Coded by Luna McBride

In [None]:
# This Python 3 environment comes with many helpful analytics libraries installed
# It is defined by the kaggle/python Docker image: https://github.com/kaggle/docker-python
# For example, here's several helpful packages to load

import numpy as np # linear algebra
import pandas as pd # data processing, CSV file I/O (e.g. pd.read_csv)

import matplotlib.pyplot as plt #Plotting
%matplotlib inline

from sklearn.model_selection import train_test_split #Split the data into train and test
from sklearn.ensemble import RandomForestRegressor #Forest for regression
from sklearn.metrics import mean_squared_error #Error testing

plt.rcParams['figure.figsize'] = (15,10) #Set the default figure size
plt.style.use('ggplot') #Set the plotting method

# Input data files are available in the read-only "../input/" directory
# For example, running this (by clicking run or pressing Shift+Enter) will list all files under the input directory

import os
for dirname, _, filenames in os.walk('/kaggle/input'):
    for filename in filenames:
        print(os.path.join(dirname, filename))

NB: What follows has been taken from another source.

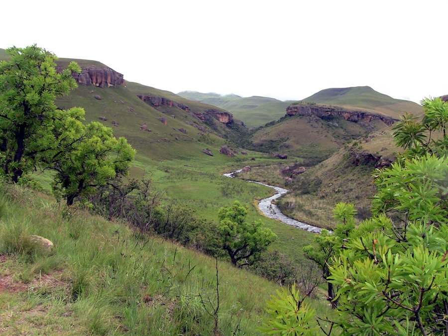 Kilometer an der Thukela entlang Richtung Talende und endet
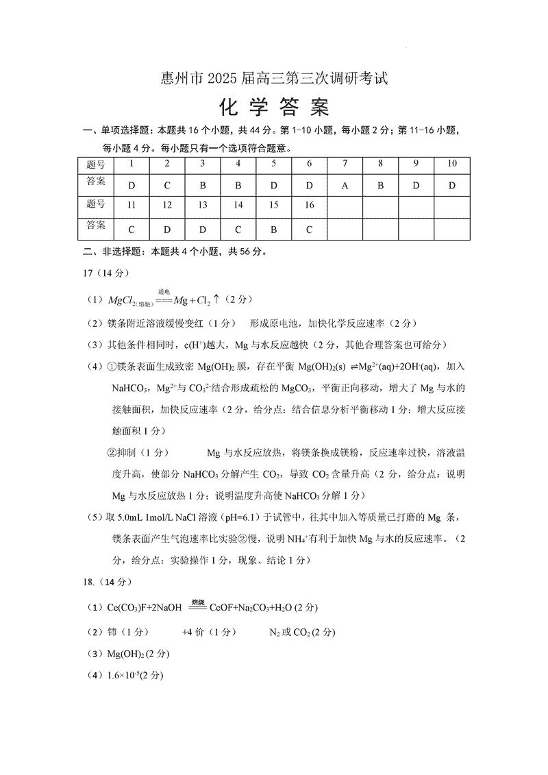 惠州三调2025届高三第三次调研化学考试已于近日开考,为方便考生考后及时查看考试情况,查漏补缺、弥补不足,本文整理了试题答案解析相关信息!

# You can write up to 20GB to the current directory (/kaggle/working/) that gets preserved as output when you create a version using "Save & Run All" 
# You can also write temporary files to /kaggle/temp/, but they won't be saved outside of the current session

In [None]:
college = pd.read_csv("../input/us-college-data/College_Data.csv") #Load the college data into a dataframe
college.head() #Take a peek at the data

---

# Fix the Column Names

In [None]:
#Names to rename the columns to
newNames = ["collegeName", "isPrivate", "numApps", "numAccept", "numEnroll", "top10Stud", "top25Stud", "fulltime",
            "parttime", "outstateCost", "roomCost", "bookCost", "personalCost", "teachWithPHD", "teachWithTerminal",
           "studFacRatio", "alumWhoDonate%", "expendPerStud", "gradRate"]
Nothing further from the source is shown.